To examine differences at the species level and functional differences in the enterotype-dependent resilience of human microbial communities, we selected 62 representative fecal samples for whole-metagenomic sequencing. These samples consisted of time series data for three members of the VT (VT3, VT6, and VT10; 47 samples), two BJNs (9 samples), and three TTNs (3 samples; Supplementary Figure S1 and Supplementary Table 1). These samples can well represent most conditions of each group. For instance, VT3, VT6, and VT10, present non-symptom, abdominal distension, and a condition of an early return, respectively, in a half-year travel. The other selected individuals including BJNs and TTNs were used for comparisons with the VTs. Two BJNs were randomly selected, and three TTNs were selected from three different families. We found that the gut microbial communities in BJNs and VT members at phage T1 who belonged to enterotype 2 varied in Bacteroides strain profiles, including Bacteroides dorei, Bacteroides ovatus, Bacteroides plebeius, and Bacteroides massiliensis, whereas those with Prevotella enriched in enterotype 1 consisted of only a single strain of Prevotella copri (Figure 3A).

FIGURE 3

Figure 3 Linking dynamic changes in species and subspecies to the bidirectional resilience of the gut microbial community. (A) Dynamic changes in the taxonomic composition of gut microbial communities at the species level. The order of species was sorted by the importance of random forests for identifying the enterotype. (B) Dynamic changes in the number of subspecies (left panel) and the average number of subspecies (right panel) during the time series.

In contrast to the enriched genera profiled by 16S amplicon analysis, we found that the dominant genera in enterotype 3 were Faecalibacterium, Eubacterium, Ruminococcus, and Bifidobacterium (Figure 3A, Supplementary Table 2). The dominant species in enterotype 3 were Faecalibacterium prausnitzii and Eubacterium rectale (Figure 3A, Supplementary Table 3). During the long stay, we found that the relative abundances of Bacteroides dorei, Bacteroides plebeius, and Prevotella copri decreased first when the VT members stayed in TAT and then increased after their return. Conversely, the relative abundances of Faecalibacterium prausnitzii and Eubacterium rectale increased first and then decreased (Figure 3A). The transformation of enterotype was caused by changes in these species.

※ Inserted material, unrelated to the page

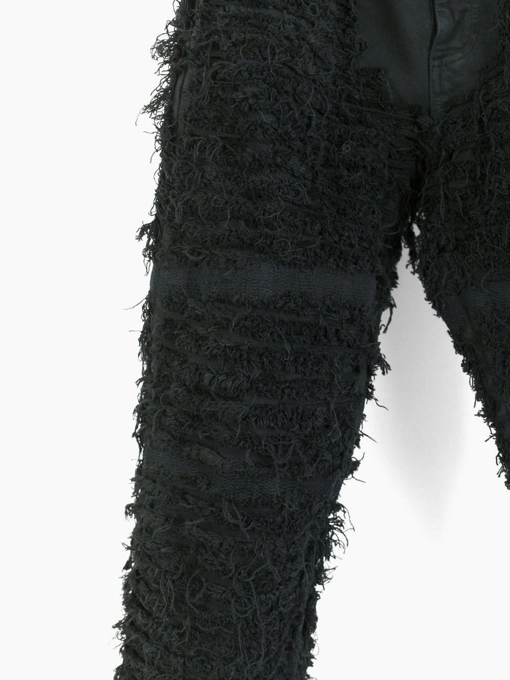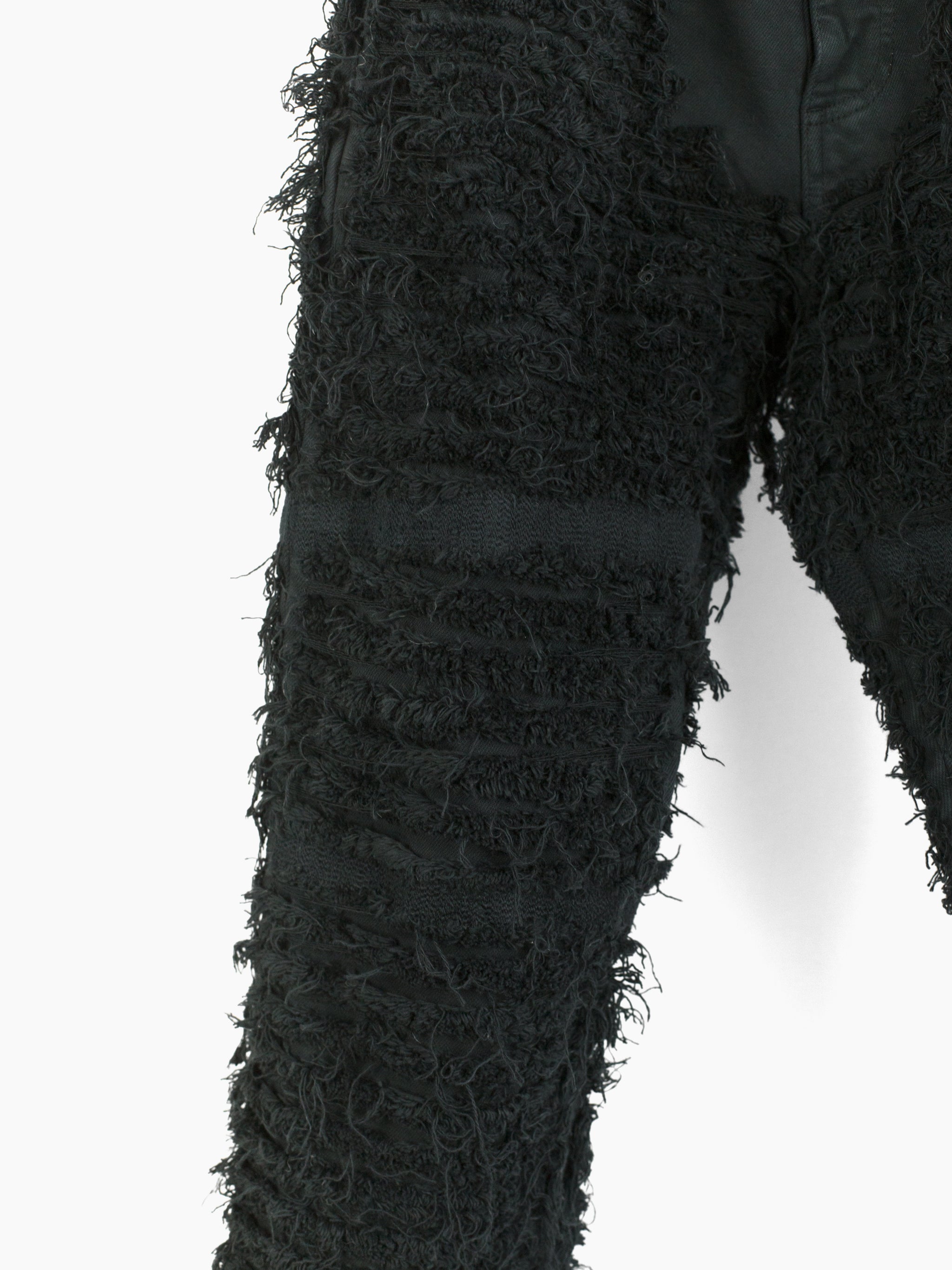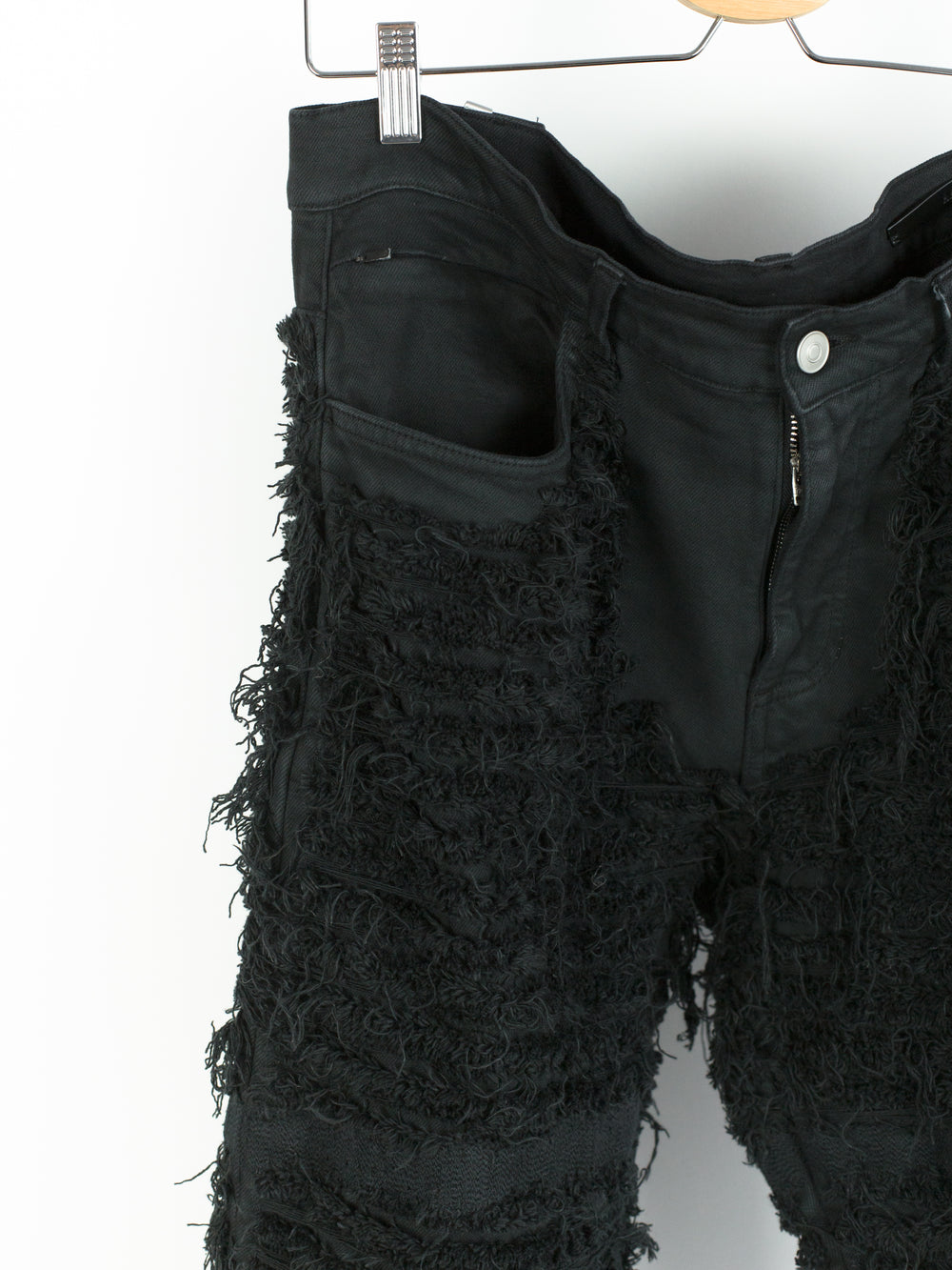 The fruit of a collaboration between Alyx and Japanese DIY experts Blackmeans, these 'destroyed' jeans achieve the look in a painstakingly constructed way that ensures the structural integrity of the garment. Instead of distressing or slashing open a pair of black denim, individual raw-edged strips of fabric are stitched horizontally onto the base pant which is what creates the frayed, stringy, destroyed texture. Tiered down the legs are an assortment of different fabrications--densely stitched darned strips and hand-set metal studs. All of these different extensively detailed elements coalesce into a pant that reads at once both DIY punk and artisan handcrafted.

Next, we identified the subspecies in the metagenomic samples and found a series of species with varying subspecies during the study. Importantly, we observed that the average number of subspecies varied considerably when the VT members changed their spatial position (Figure 3B). For example, the average number of subspecies of Bacteroides ovatus and Faecalibacterium prausnitzii immediately decreased from 2.66 and 3.0 subspecies/sample to 1.25 and 2.0 subspecies/sample, respectively when VT members arrived at TAT and increased from 2.0 and 2.5 subspecies/sample to 2.42 and 3.0 subspecies/sample, respectively, after their return (Figure 3B, Supplementary Table 4). In contrast, Dorea formicigenerans, Ruminococcus sp. S_1_39BFAA, Coprococcus comes, Dorea longicatena, and Streptococcus salivarius showed an opposite trend (Figure 3B, Supplementary Table 4). These results suggested that the bidirectional resilience of gut microbial communities was associated with species composition, particularly for the dominant species and their subspecies.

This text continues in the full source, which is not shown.